Prédio sede dos Postalis, em Brasilia. Foto : Sérgio Marques/Agência O Globo Foto: Sérgio Marques / Agência O Globo
O colegiado da Comissão de Valores Mobiliários (CVM) condenou nesta terça-feira a multas que somam R$ 39 milhões o ex-presidente do Postalis Alexej Predtechensky e dois operadores do mercado financeiro por fraudes praticadas contra o fundo de pensão dos Correios. Segundo a área técnica da CVM, o Postalis foi lesado em pelo menos US$ 16 milhões por uma triangulação internacional que vendia a seus fundos de investimento ativos com sobrepreço. O caso já havia sido julgado por autoridades americanas.

Fabrizio Dulcetti Neves, sócio da gestora Atlântica, que teria arquitetado o esquema, foi condenado à proibição de atuar no mercado financeiro por uma década. Segundo o relator do processo, diretor Gustavo Gonzalez, aplicar uma multa a Neves seria pouco eficaz, uma vez que ele já havia sido condenado pela CVM a multa de R$ 111,4 milhões por fraude contra o Postalis.

Nesta terça-feira, o BNY Mellon e seu ex-presidente José Carlos de Oliveira foram absolvidos da acusação de precificação imprecisa de ativos.

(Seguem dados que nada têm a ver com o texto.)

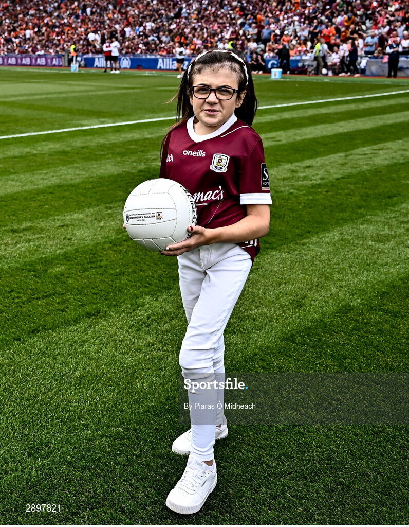 28 July 2024; Caitríona Ní Shé with the match ball before the GAA Football All-Ireland Senior Championship Final match between Armagh and Galway at Croke Park in Dublin. Photo by Piaras Ó Mídheach/Sportsfile

É o quarto processo julgado pela autarquia nos últimos dois anos sobre irregularidades no Postalis supostamente envolvendo o BNY Mellon. Em janeiro, a CVM multou em cerca de R$ 120 milhões empresas do grupo e outros gestores por operações fraudulentas que também lesaram o Postalis. 

A apuração sobre o processo julgado nesta terça-feira começou em 2010, quando a Autoridade Reguladora da Indústria Financeira (Finra, na sigla em inglês), responsável pela autorregulação do mercado nos EUA, enviou à CVM comunicado em que dizia ter encontrado, em fiscalização de rotina da corretora Latam Investments, baseada em Miami, irregularidades em dois fundos de investimento constituídos no Brasil. Os fundos eram geridos pela carioca Atlântica e administrados pelo BNY Mellon. Os dois fundos seriam consolidados em um único veículo no fim de 2010, tendo como único investidor o Postalis.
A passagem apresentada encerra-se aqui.